Tufts' career briefly rebounded when he was cast in a small role in the comedy The Seven Year Itch (1955), starring Tom Ewell and Marilyn Monroe. In 1956, Tufts had a supporting role in drama Come Next Spring for Republic Pictures. He was in "A Tale of Two Citizens" for Damon Runyon Theatre (1956)
After filming The Parson and the Outlaw in 1957, and being arrested for public drunken-ness again Tufts retreated to a ranch in Texas.
Later Career
In 1962 he returned to Hollywood to produce and star in a film All the Way about paratroopers. It was not made.
Tufts returned to acting in 1963 with a guest appearance on The Virginian playing the father of Trampas (Doug McClure) and in a Bob Hope TV special Have Girls Will Travel (1964).
He was in Town Tamer (1965) and "The Ordeal of Bud Windom" on The Loner (1965) with Lloyd and Jeff Bridges.
His final onscreen roles were Cottonpickin' Chickenpickers (1967) and the 1968 television movie Land's End. He appeared several times as himself in Rowan & Martin's Laugh-In in 1968.
Personal life
In 1938, Tufts married Spanish dancer Barbara Dare. They separated in 1949, and Dare filed for divorce in 1951, citing Tufts' excessive drinking as the reason for the breakup of their marriage. Dare was granted an interlocutory divorce on October 21, 1951 which was finalized the following year.
Death
On June 4, 1970, Tufts died of pneumonia at age 58 at St. John's Hospital in Santa Monica, California. Tufts' private funeral was held on June 7 in Beverly Hills after which he was buried in Munroe Cemetery in Lexington, Massachusetts.
In popular culture
In a non sequitur on the cartoon show Rocky and His Friends, in the Jet Fuel Formula story arc, Bullwinkle J. Moose becomes very upset when Boris Badenov steals his autographed picture of Sonny Tufts. Tufts is mentioned in the last sentence of the third sketch of the 48th show of the second season of the Rocky and Bullwinkle Show, first aired on May 13, 1961.
In an episode of The Dick Van Dyke Show, Rob sees a flying saucer that makes a noise "Uhny Uftz", which Rob mis-hears as "Sonny Tufts"
In an episode of My Mother the Car titled "And Leave the Drive-In to Us," Mother wants to go to a drive-in to see Sonny Tufts for her birthday; Tufts himself makes an appearance at the end of the episode.
In the November 26, 1966 episode of The Monkees, "I've Got a Little Song Here", Micky Dolenz, posing as a Hollywood studio head, says he's making a blockbuster movie, starring, "... Gregory Peck, Elizabeth Taylor, Doris Day, and Sonny Tufts." To which the other person exclaims incredulously, "Sonny T---?? What a production!".

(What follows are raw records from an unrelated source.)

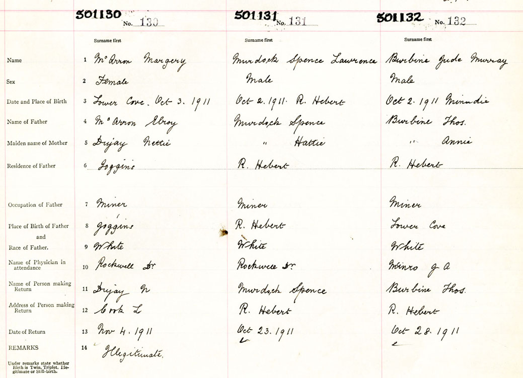 Female Birth Registration: Year: 1911 number: 50100130
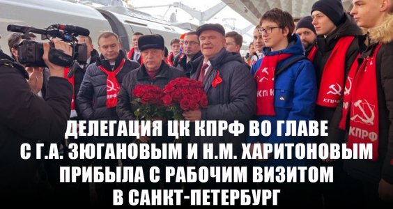 В понедельник, 29 января, Председатель ЦК КПРФ Г. А. Зюганов и кандидат на пост Президента, член Президиума ЦК КПРФ Н.М. Харитонов прибыли с рабочим визитом в Санкт-Петербург. В поездке также принимают участие первый заместитель Председателя ЦК КПРФ Ю.В. Афонин, секретарь ЦК КПРФ А.А. Ющенко, член ЦК КПРФ М.С. Музаев.
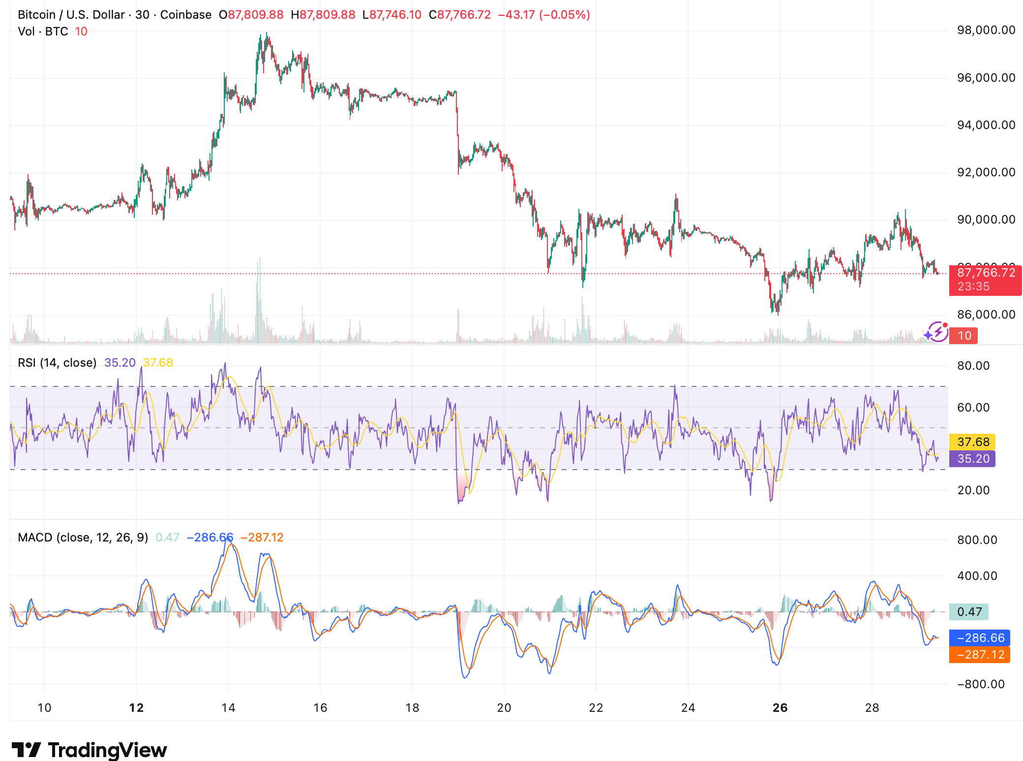 The Moving Average Convergence Divergence remains negative, confirming bearish momentum in the short term, but the flattening histogram suggests downside pressure may be stabilizing. On the price level side, the $86,000–$87,000 zone stands out as a critical support area that has already attracted buyers multiple times. Resistance remains layered near $90,000, with a more significant barrier around $94,000.

Tufts is the subject of an urban legend, that he had been selected to host a well-known radio show as a last-minute replacement for a better known celebrity. The week before Tufts's episode was scheduled, the previous host introduced him with a combination of surprise and outrage, shocked that a relatively unknown actor would succeed him as host. There is no evidence, however, that such an incident occurred. Tufts himself parodied this legend in frequent appearances on Rowan & Martin's Laugh-In: seated in a director's chair with his name printed on it, he would turn around to face the camera and utter a word or phrase relevant to the previous bit, in mock contempt.
The lyrics of "Monk’s Aria from Hansel and Gretel and Ted and Alice", by professor Peter Schickele's character P.D.Q. Bach, at one point reference "Mea culpa kyrie elei-Sonny Tufts et Allah in Pompeii".
Tufts soon became known as one of the semi-random people and places that TV host Johnny Carson used in his jokes on The Tonight Show.